The goal is to help answer questions like "How much better would GPT-4 perform given a vector database to load certain resources?".


## 🔧 Quick install
```bash
pip install medplexity
```

## 📖 Documentation

Documentation can be found [here](https://medplexity.readthedocs.io/en/latest/).


## Example
See [MedQA notebook](`notebooks/MedQA.ipynb`) for a full example with MedQA dataset.

## Contributions

Contributions are welcome!

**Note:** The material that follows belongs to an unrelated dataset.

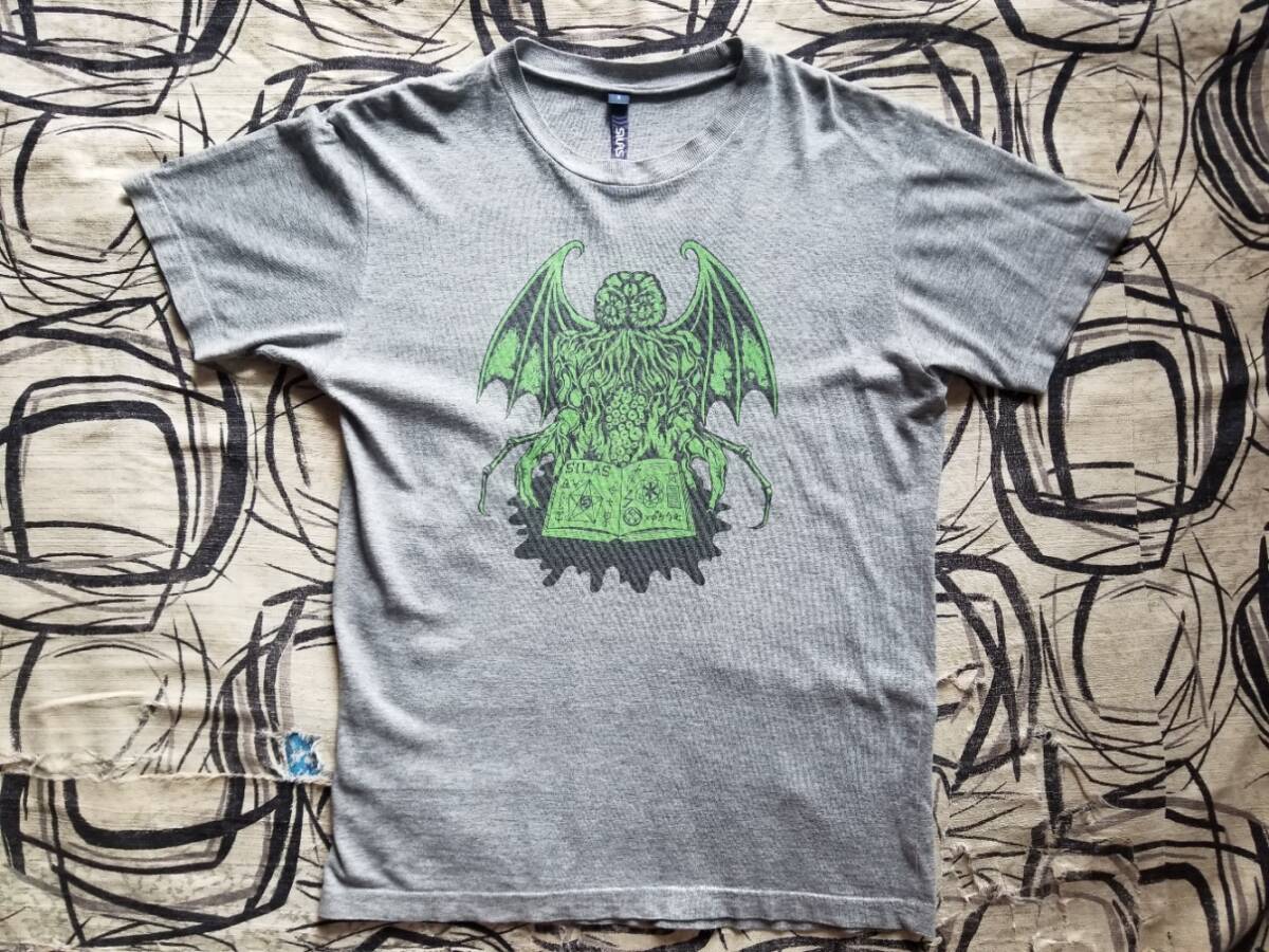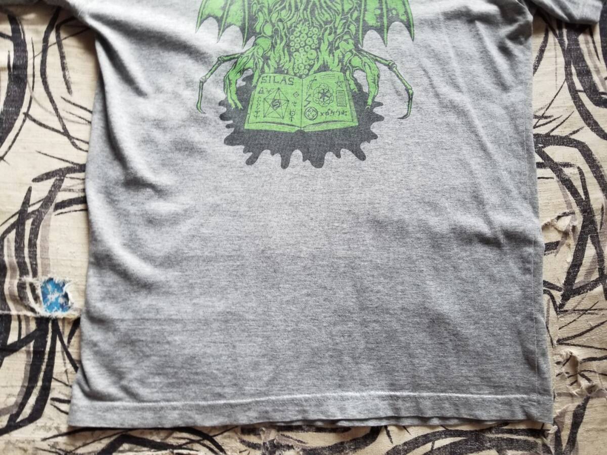 SILAS サイラス クトゥルフ神話 レア 架空の神 邪神 黒蝸牛 宇宙生物 幾何学 シンボル アートワーク デザイン プリント Tシャツ ビンテージ

Check out the todos below, and feel free to open a pull request.
Remember to install `pre-commit` to be compliant with our standards:

```bash
pre-commit install
```

Feel free to raise any questions on [Discord](https://discord.gg/jUKkgqVzQ)

## Todos
Some initial todos include:
- [x] Multiple-Choice datasets
  - [x] Add MedMCQA dataset
  - [x] Add PubMedQA dataset
  - [x] Add MedQA dataset
  - [x] Add MMLU dataset
- [ ] Long-form question answering datasets
  - [x] Add HealthSearchQA dataset
  - [x] Add MedicationQA dataset
  - [ ] Add LiveQA dataset
- [ ] Explore datasets for multi-modality, specifically vision tasks for GPT-4V.
- [ ] LLMs
    - [x] Wrapper for OpenAI
    - [x] Wrapper for deepinfra
    - [ ] Wrapper for Google PALM
    - [ ] Wrapper for HuggingFace text-gen
- [ ] Jupyter notebook quickstart
- [x] Example with langchain integration
- [ ] Visualisation of results
  - [ ] Add export of evaluations
  - [ ] Frontend for exploring exported results


## 📜 License
Medplexity is licensed under the MIT License. See the LICENSE file for more details.